**Data supplied**
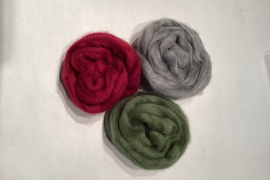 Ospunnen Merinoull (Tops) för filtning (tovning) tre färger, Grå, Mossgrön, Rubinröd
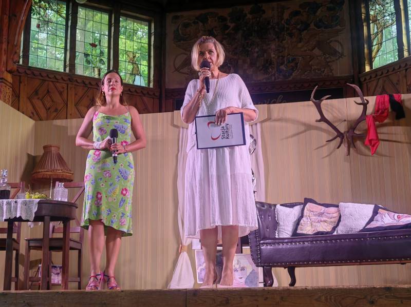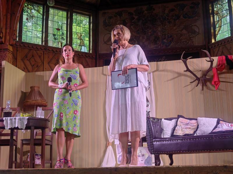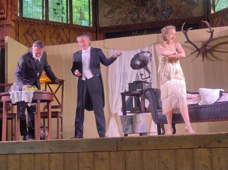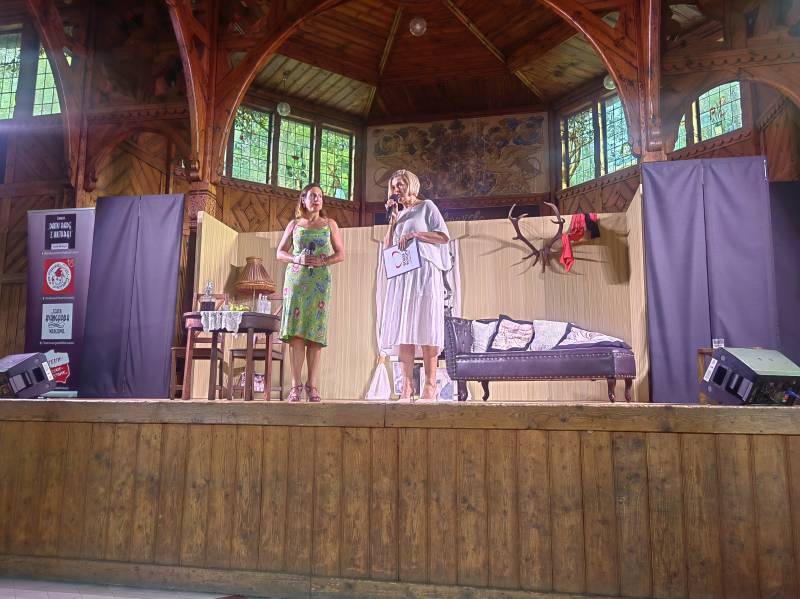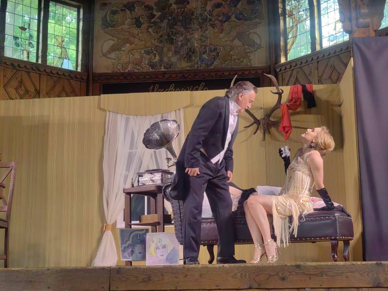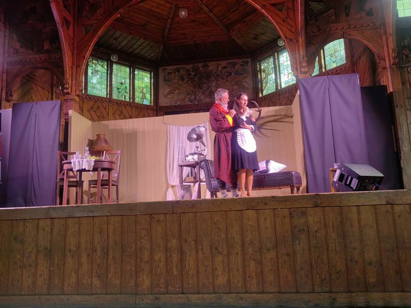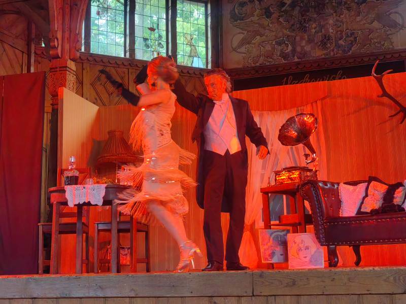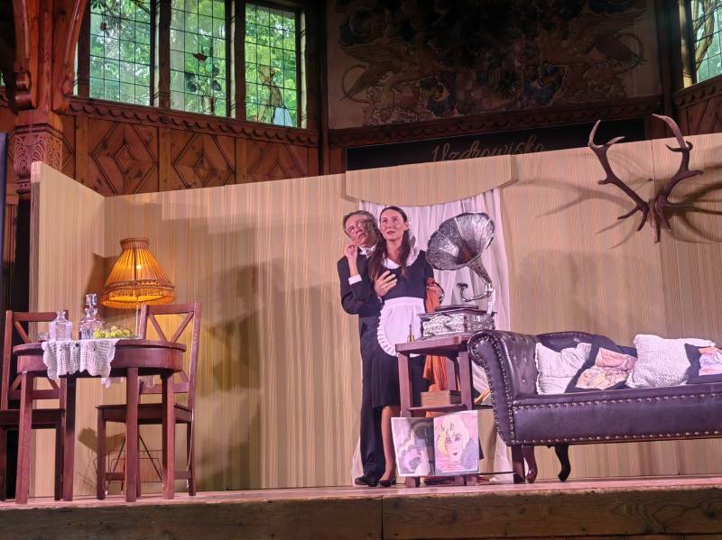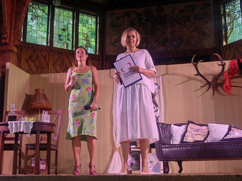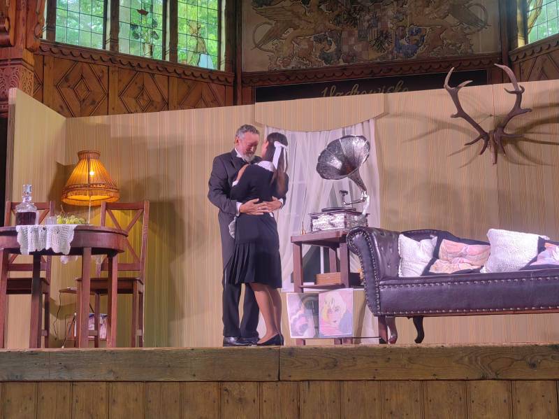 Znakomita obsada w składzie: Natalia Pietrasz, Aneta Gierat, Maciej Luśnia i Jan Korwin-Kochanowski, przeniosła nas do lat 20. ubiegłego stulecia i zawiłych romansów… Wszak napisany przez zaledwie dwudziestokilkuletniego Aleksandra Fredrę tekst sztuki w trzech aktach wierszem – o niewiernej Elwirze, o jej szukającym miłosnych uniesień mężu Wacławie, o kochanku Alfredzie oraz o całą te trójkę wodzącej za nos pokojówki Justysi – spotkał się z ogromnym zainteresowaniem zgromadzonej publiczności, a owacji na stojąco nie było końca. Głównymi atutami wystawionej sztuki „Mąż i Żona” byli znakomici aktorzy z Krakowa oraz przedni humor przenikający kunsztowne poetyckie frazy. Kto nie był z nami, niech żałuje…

* * *

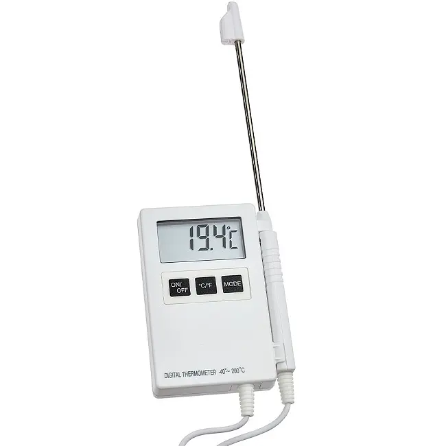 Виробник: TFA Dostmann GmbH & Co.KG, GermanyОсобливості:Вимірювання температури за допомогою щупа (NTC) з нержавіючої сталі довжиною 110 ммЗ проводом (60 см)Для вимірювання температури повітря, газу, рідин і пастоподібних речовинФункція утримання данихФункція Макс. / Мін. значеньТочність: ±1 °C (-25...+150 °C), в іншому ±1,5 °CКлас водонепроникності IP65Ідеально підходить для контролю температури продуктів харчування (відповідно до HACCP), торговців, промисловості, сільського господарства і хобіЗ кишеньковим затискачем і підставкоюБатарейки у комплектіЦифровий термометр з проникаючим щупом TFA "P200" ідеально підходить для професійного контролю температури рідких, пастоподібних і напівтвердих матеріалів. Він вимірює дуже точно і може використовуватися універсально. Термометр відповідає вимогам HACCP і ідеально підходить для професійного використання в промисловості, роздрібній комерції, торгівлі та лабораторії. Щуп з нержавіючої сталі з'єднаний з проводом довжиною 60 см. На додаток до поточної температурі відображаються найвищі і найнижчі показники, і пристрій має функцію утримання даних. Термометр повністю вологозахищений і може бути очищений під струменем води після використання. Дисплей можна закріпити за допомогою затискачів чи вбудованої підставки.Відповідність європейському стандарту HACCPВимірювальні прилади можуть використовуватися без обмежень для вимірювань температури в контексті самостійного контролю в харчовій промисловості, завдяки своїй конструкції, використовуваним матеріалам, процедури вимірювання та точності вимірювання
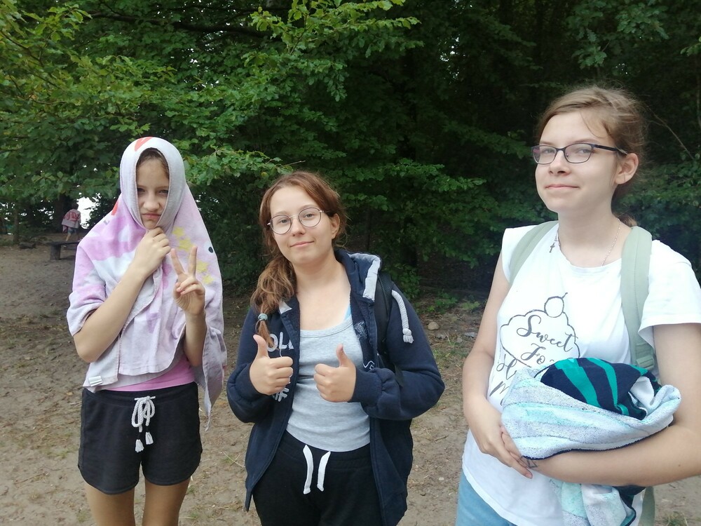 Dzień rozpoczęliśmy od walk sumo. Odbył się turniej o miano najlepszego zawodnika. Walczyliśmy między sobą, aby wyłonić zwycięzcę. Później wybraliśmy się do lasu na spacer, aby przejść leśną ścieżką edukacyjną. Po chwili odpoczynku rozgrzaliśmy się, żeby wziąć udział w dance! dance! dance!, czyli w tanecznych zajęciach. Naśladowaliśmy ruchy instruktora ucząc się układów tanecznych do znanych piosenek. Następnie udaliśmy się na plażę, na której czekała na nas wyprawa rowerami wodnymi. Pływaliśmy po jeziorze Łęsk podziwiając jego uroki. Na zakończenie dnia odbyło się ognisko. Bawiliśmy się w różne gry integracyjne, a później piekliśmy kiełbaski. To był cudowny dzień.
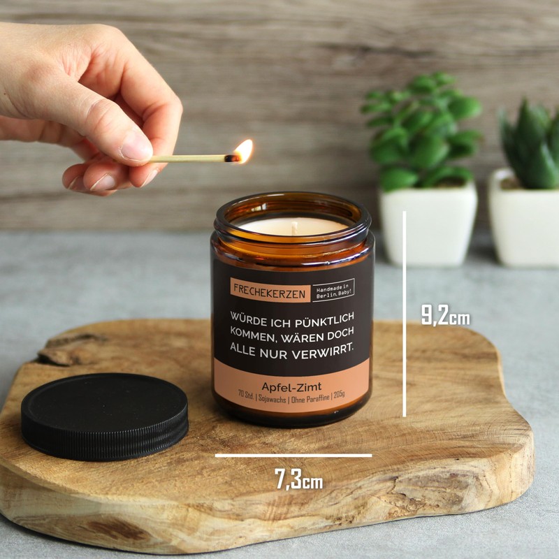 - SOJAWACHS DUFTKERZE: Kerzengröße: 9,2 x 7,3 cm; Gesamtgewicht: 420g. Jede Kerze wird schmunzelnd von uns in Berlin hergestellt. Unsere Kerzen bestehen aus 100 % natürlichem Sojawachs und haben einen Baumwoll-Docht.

--

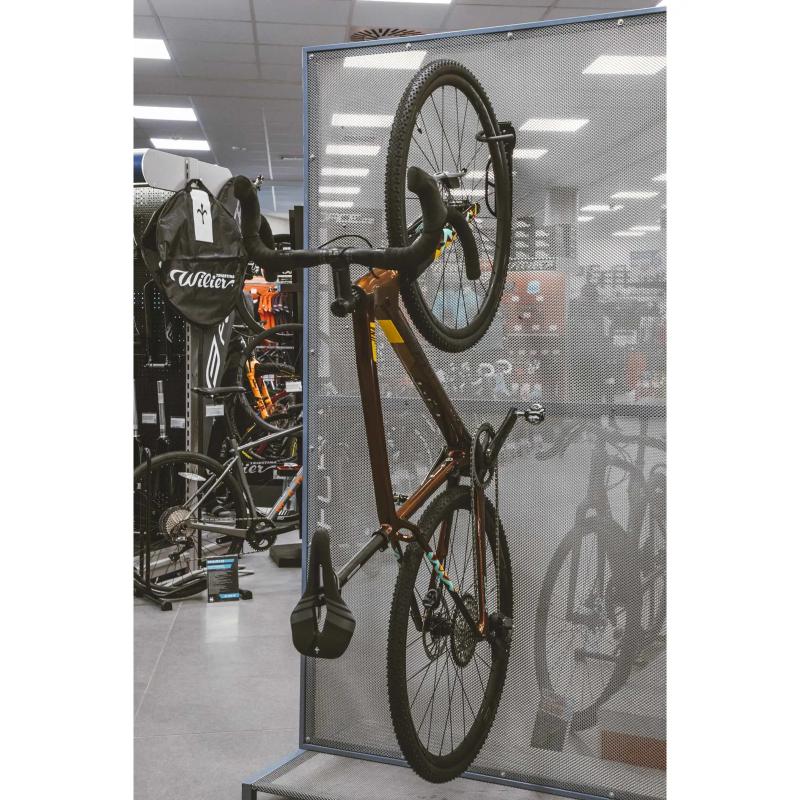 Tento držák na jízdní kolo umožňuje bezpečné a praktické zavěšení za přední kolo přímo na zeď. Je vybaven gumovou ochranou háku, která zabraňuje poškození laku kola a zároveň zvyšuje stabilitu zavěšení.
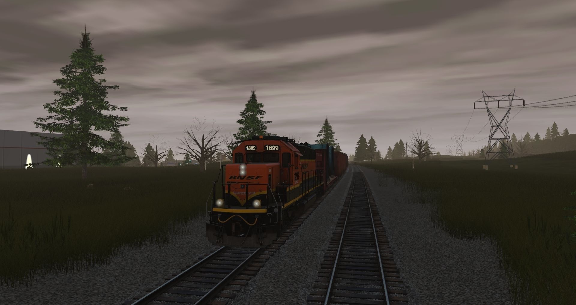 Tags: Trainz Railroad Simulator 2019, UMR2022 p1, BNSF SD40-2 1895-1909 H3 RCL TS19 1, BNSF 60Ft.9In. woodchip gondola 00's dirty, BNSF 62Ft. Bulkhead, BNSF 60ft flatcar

**What needs to be done**
Quote word for word only the lines above from the one containing "Ospunnen Merinoull (Tops)" through the one containing "Znakomita obsada w". Pictures stay out of your copy.

**Result of this task**
 Ospunnen Merinoull (Tops) för filtning (tovning) tre färger, Grå, Mossgrön, Rubinröd
 Znakomita obsada w składzie: Natalia Pietrasz, Aneta Gierat, Maciej Luśnia i Jan Korwin-Kochanowski, przeniosła nas do lat 20. ubiegłego stulecia i zawiłych romansów… Wszak napisany przez zaledwie dwudziestokilkuletniego Aleksandra Fredrę tekst sztuki w trzech aktach wierszem – o niewiernej Elwirze, o jej szukającym miłosnych uniesień mężu Wacławie, o kochanku Alfredzie oraz o całą te trójkę wodzącej za nos pokojówki Justysi – spotkał się z ogromnym zainteresowaniem zgromadzonej publiczności, a owacji na stojąco nie było końca. Głównymi atutami wystawionej sztuki „Mąż i Żona” byli znakomici aktorzy z Krakowa oraz przedni humor przenikający kunsztowne poetyckie frazy. Kto nie był z nami, niech żałuje…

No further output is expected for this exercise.